Data extract:
***

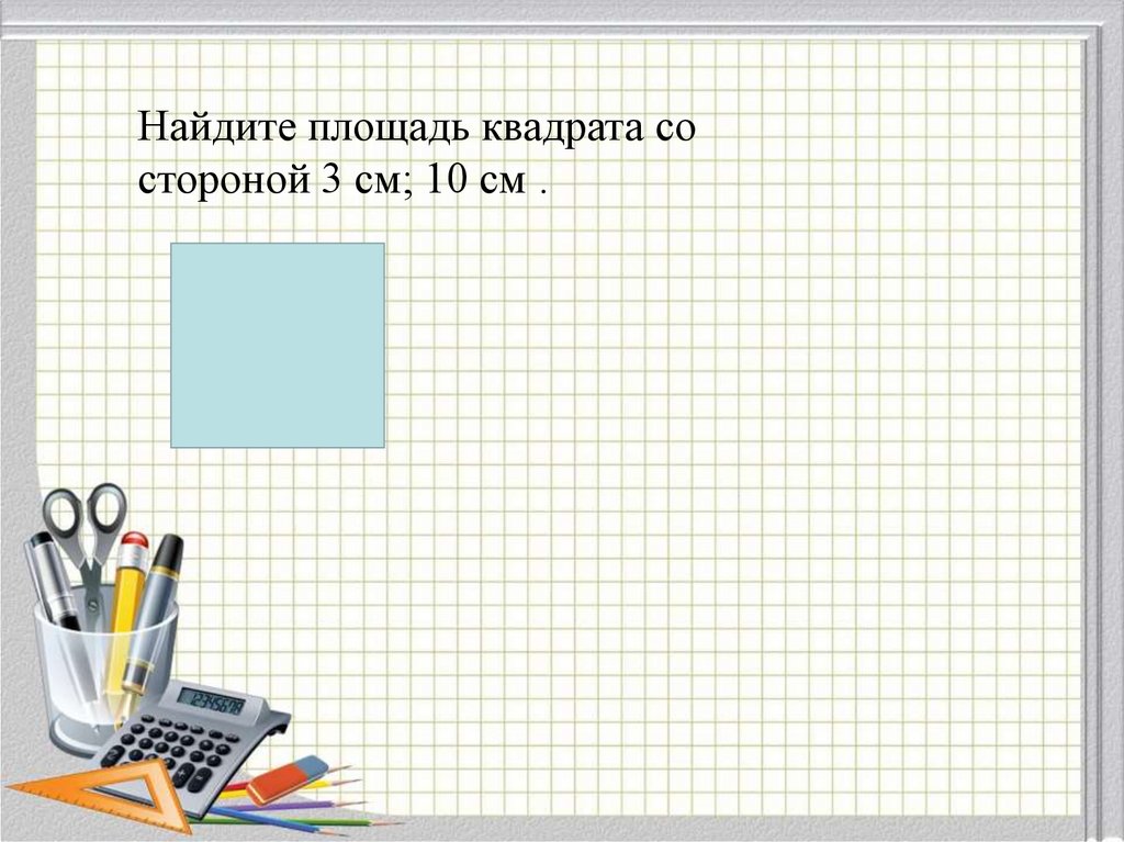 Найдите площадь квадрата состороной 3 см; 10 см .
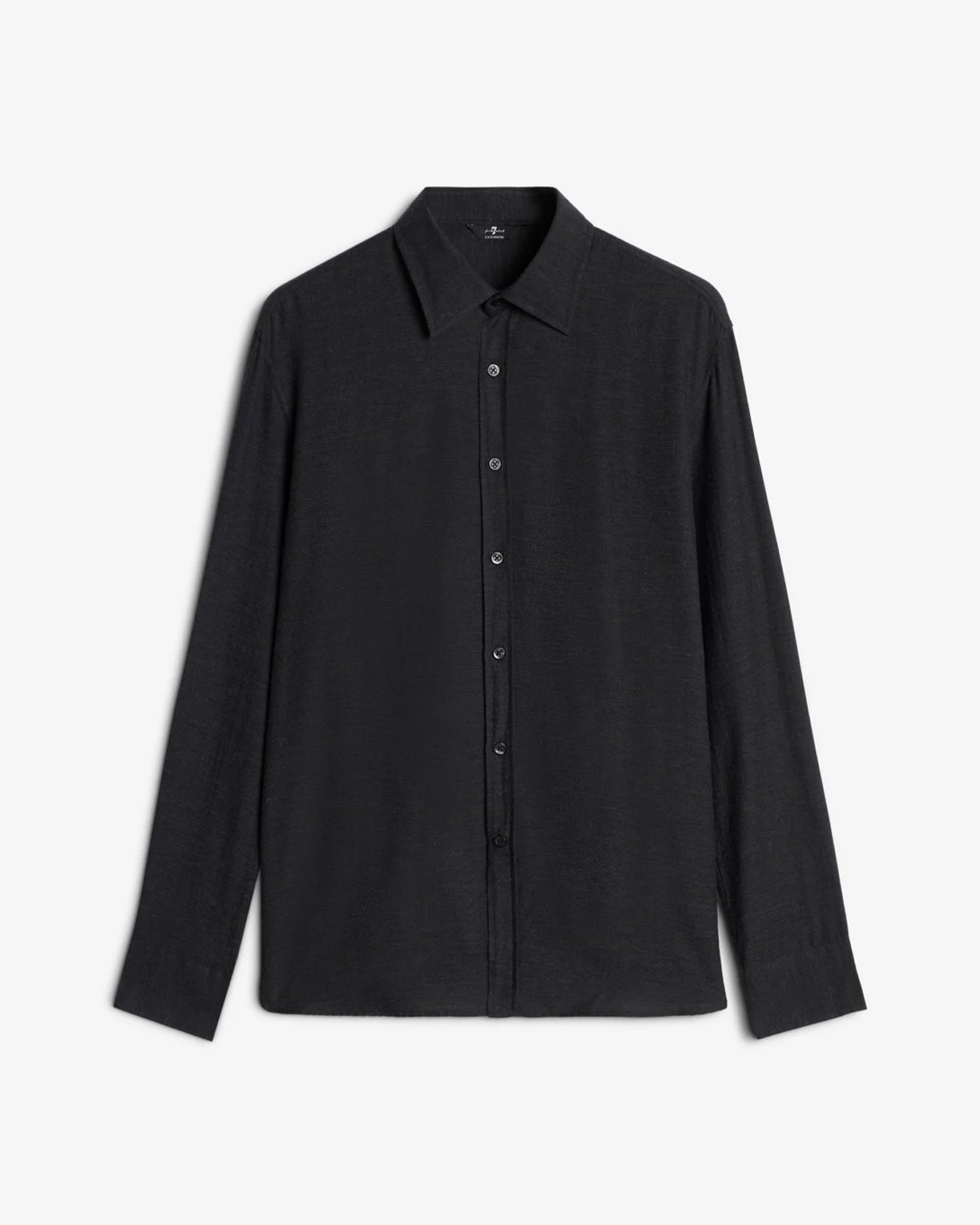 Cotton-Cashmere Button Up Shirt in Dark Grey
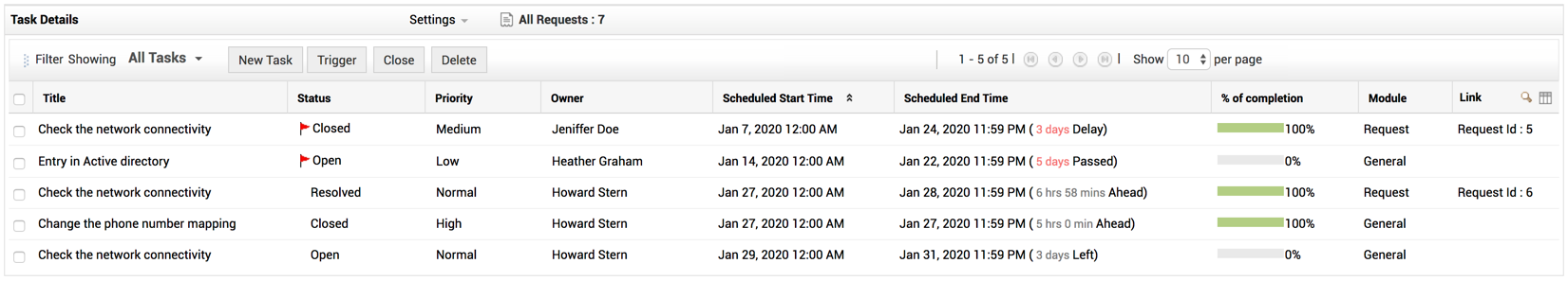 您也可以通过此选项将任务分配给其他技术人员。将任务添加给其他技术人员后,这些任务会列在他们主页的“我的任务”块下,技术人员登录 ServiceDesk Plus application后即可立即查看这些任务。

***

Task brief: Go through the listing above and retype it exactly, skipping every picture.

Output below:
 Найдите площадь квадрата состороной 3 см; 10 см .
 Cotton-Cashmere Button Up Shirt in Dark Grey
 您也可以通过此选项将任务分配给其他技术人员。将任务添加给其他技术人员后,这些任务会列在他们主页的“我的任务”块下,技术人员登录 ServiceDesk Plus application后即可立即查看这些任务。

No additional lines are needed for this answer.